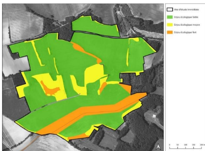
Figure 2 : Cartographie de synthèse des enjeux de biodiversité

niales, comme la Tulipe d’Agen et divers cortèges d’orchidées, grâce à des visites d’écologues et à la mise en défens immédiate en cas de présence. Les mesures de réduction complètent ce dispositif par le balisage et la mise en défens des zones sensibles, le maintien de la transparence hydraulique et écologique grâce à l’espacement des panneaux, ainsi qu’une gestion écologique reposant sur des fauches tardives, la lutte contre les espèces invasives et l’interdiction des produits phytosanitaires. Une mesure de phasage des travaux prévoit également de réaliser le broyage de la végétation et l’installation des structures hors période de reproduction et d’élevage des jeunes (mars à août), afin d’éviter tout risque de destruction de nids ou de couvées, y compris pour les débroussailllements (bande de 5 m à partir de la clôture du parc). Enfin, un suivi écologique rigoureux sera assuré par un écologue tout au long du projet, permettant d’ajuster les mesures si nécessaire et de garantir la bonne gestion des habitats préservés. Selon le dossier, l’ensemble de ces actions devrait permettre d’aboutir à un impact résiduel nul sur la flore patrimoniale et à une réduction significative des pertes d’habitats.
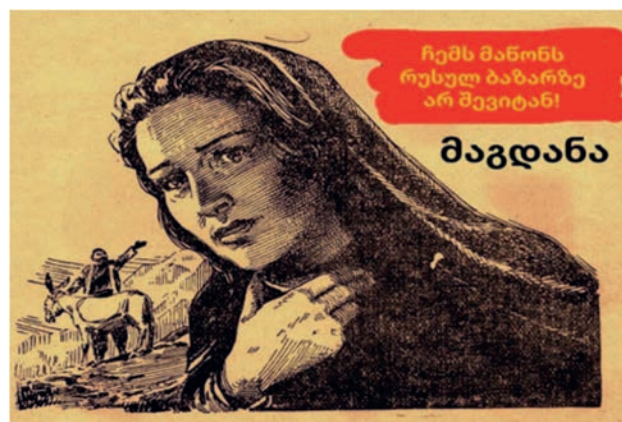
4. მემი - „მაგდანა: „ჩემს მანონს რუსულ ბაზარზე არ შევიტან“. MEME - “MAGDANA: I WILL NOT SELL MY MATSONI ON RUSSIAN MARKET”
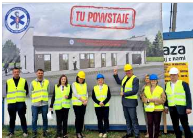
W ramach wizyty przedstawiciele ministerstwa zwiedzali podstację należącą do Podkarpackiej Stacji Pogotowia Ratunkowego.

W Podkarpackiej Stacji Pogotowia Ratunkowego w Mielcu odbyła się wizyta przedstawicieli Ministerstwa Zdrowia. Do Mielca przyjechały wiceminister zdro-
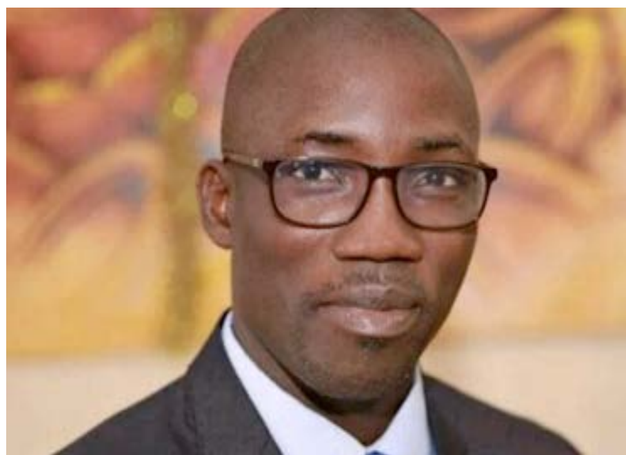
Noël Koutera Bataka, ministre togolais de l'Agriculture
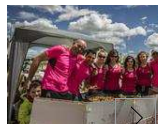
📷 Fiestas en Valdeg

- - -

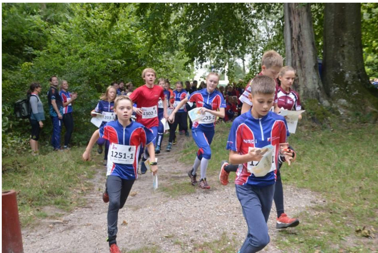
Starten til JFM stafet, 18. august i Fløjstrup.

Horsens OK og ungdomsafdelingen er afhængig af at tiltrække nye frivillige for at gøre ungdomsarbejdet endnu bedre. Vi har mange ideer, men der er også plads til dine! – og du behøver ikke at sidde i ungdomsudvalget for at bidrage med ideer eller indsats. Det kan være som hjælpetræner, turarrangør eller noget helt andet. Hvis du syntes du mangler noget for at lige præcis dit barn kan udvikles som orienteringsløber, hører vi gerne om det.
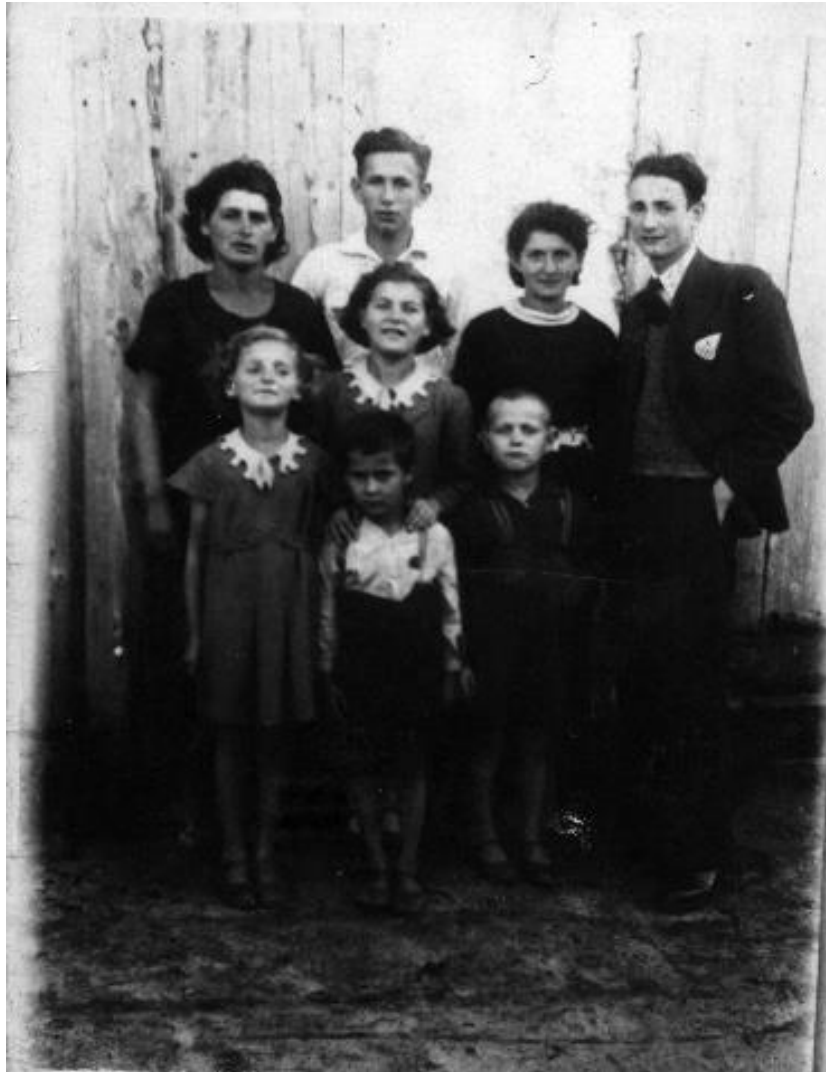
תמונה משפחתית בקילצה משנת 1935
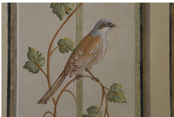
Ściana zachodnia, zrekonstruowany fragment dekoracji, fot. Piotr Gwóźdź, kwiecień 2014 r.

- - -

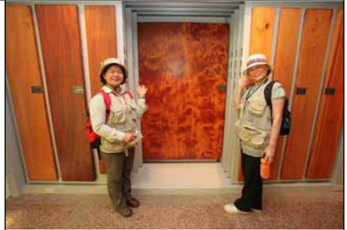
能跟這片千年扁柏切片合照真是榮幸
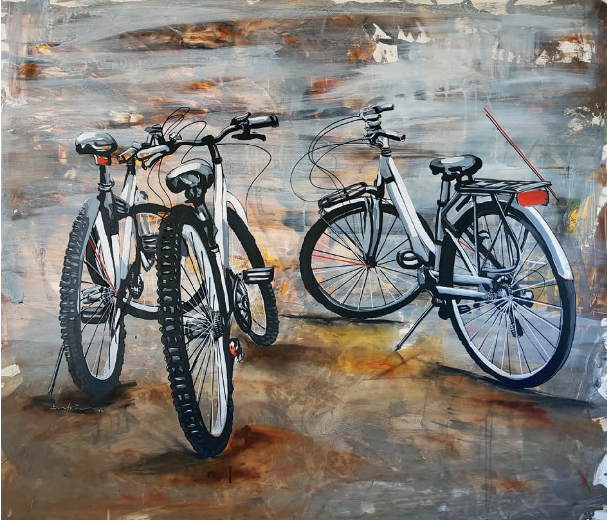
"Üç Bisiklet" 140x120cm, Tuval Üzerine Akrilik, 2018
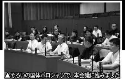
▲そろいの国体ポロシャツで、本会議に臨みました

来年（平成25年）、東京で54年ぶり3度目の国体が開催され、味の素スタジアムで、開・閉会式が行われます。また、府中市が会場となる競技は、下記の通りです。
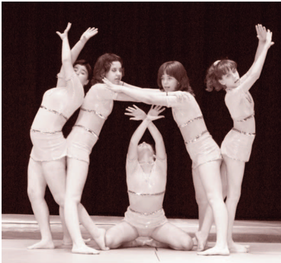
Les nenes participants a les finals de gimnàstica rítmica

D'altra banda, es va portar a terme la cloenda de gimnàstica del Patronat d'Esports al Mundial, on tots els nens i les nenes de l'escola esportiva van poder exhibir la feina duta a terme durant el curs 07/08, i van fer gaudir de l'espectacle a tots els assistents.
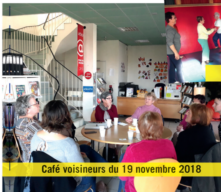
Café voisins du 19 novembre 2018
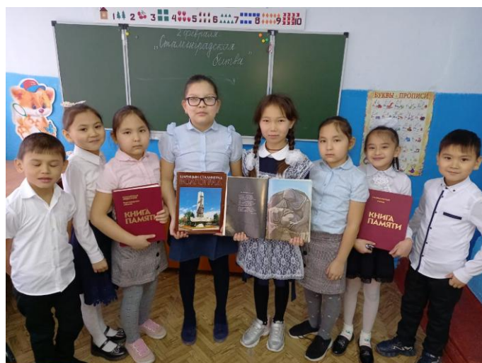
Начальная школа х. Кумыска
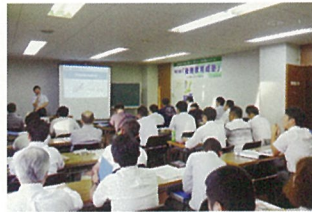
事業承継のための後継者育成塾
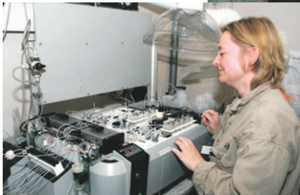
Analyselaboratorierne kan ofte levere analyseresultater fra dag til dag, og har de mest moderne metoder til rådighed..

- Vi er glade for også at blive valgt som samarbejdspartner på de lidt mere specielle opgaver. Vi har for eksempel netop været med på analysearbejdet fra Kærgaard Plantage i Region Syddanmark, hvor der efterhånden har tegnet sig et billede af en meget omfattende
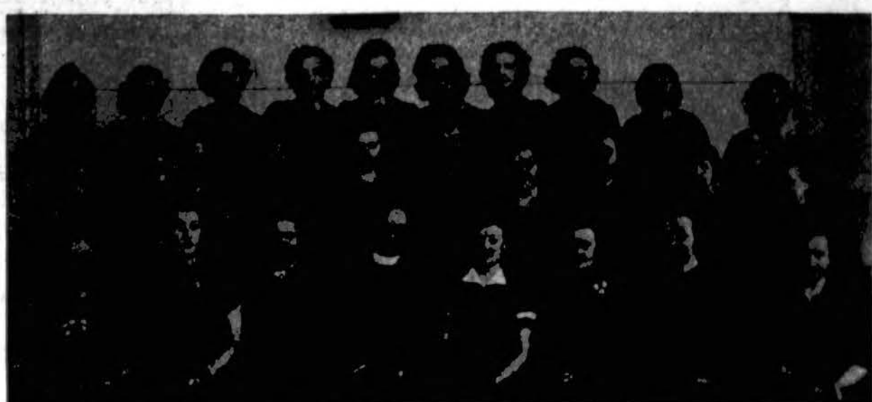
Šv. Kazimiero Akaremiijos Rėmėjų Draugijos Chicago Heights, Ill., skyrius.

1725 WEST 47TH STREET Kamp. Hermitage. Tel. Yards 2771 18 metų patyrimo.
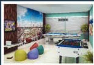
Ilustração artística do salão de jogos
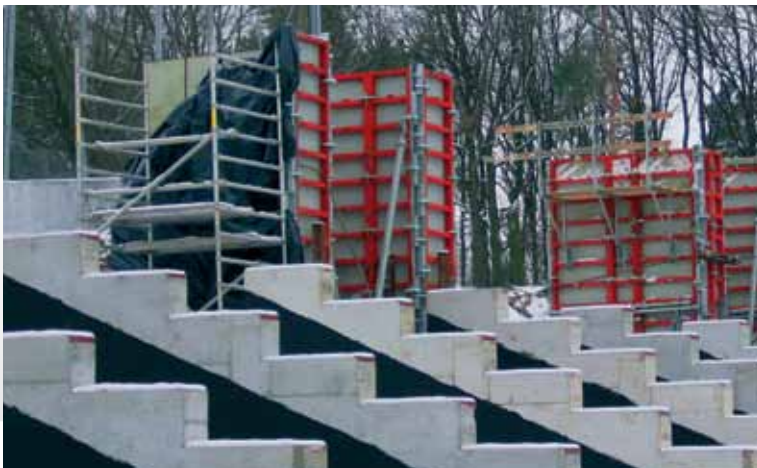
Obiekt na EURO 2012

- - -

Aim of the exercise: Above are records; repeat only the lines from the line with "能跟這片千年扁柏切片合照真是榮幸" through the line with "Les nenes participants", and leave pictures out.

Exercise response:
能跟這片千年扁柏切片合照真是榮幸
"Üç Bisiklet" 140x120cm, Tuval Üzerine Akrilik, 2018
▲そろいの国体ポロシャツで、本会議に臨みました

来年（平成25年）、東京で54年ぶり3度目の国体が開催され、味の素スタジアムで、開・閉会式が行われます。また、府中市が会場となる競技は、下記の通りです。
Les nenes participants a les finals de gimnàstica rítmica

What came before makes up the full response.